Это горе может быть настолько болезненным, что мы бессознательно склонны от него отдаляться. Даже если мы начинаем прикасаться к своей печали, мы часто хороним ее, возвращаясь к стыду — осуждая свои страдания, предполагая, что мы каким-то образом заслужили их, говоря себе, что у других есть «настоящие страдания», и нам не следует жалеть себя. Наша душевная печаль раскрывается полностью только тогда, когда мы прямо и осознанно соприкасаемся со своей болью. Оно раскрывается, когда мы остаемся на месте и полностью осознаем, что этому человеку приходится нелегко. В такие моменты мы обнаруживаем естественный подъем сострадания — нежность нашего собственного прощающего сердца.
Когда плач Мардж утих, я предложил ей спросить у места печали, чего оно жаждет больше всего. Она сразу поняла: «Поверить, что я достойна любви в своей жизни». Я предложил ей еще раз положить одну руку на сердце, а другую на живот, позволяя мягкому прикосновению выражать заботу. «Теперь почувствуйте, какое сообщение наиболее резонирует для вас, и пошлите его внутренне. Позвольте энергии послания омыться и утешить все части вашего существа, которым нужно его услышать».
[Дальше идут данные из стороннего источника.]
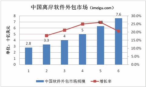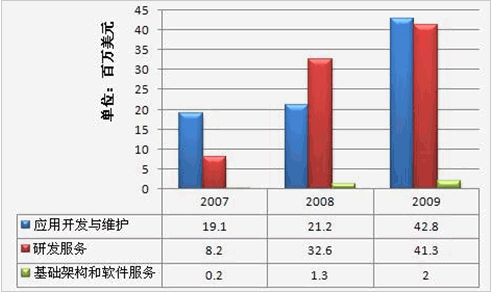 中國IT服務企業(yè)承擔的離岸IT服務項目主要是軟件外包。這些業(yè)務包括應用程序開發(fā)和管理、產品開發(fā)、包裝解決方案服務、全球化和本地化服務等。這些客戶包括外國公司和外國公司在中國的分支機構/子公司。中國的離岸軟件外包市場近年來也發(fā)展迅速。根據IDC 2010年7月的報告,中國離岸軟件市場規(guī)模將從2009年的28億美元增長到2014年的76億美元,年復合增長率為22.4%。

Через пару минут Мардж сделала несколько полных вдохов. Выражение ее лица было безмятежным, беззащитным. «Это кажется правильным, — тихо сказала она, — быть добрым к моему собственному израненному сердцу». Мардж смотрела не только на свою вину, но и на свои нужды. Она лечила себя с состраданием.
Перед тем, как она ушла, я предложил ей сделать паузу, когда она осознает вину или стыд, и воспользоваться моментом, чтобы воссоединиться с состраданием к себе. Если бы она была в уединенном месте, она могла бы нежно коснуться своего сердца и живота, и позволить этому контакту углубить ее общение со своей внутренней жизнью. Я также посоветовал ей включить в свою ежедневную медитацию практику метты (любящей доброты) к себе и своему сыну: «Вы обнаружите, что сострадание к себе откроет вам чувство большей любви».
Шесть недель спустя мы с Мардж снова встретились. Она сказала мне, что в конце своей ежедневной медитации она начала выполнять метту для себя, напоминая себе о своей честности, искренности и стремлении хорошо любить. Затем она загадывала себе пожелания, чаще всего повторяя: «Пусть я приму себя такой, какая я есть. Да преисполнюсь я любящей добротой, хранимой в любящей доброте». Через несколько минут она вспоминала своего сына: «Я видела, как загораются его глаза, когда он оживляется, и каким счастливым он выглядит, когда смеется. Тогда я говорил: «Пусть ты чувствуешь себя счастливым». Пусть вы чувствуете себя расслабленно и легко. Пусть ты почувствуешь мою любовь сейчас». С каждой фразой я представляла его счастливым, расслабленным, чувствующим, что я влюблена в него».
Их взаимодействие начало меняться. Она выходила рано утром в субботу, чтобы забрать его любимые рогалики, пока он не проснулся. Он вынес мусор без спроса. Они вместе смотрели по телевизору несколько серий The Wire . Затем Мардж рассказала мне: «Несколько дней назад он пришел в мой домашний офис, устроился поудобнее на диване и небрежно спросил: «Как дела, мам? Просто решил зарегистрироваться».
«Это был не совсем продолжительный чат», — сказала она с улыбкой.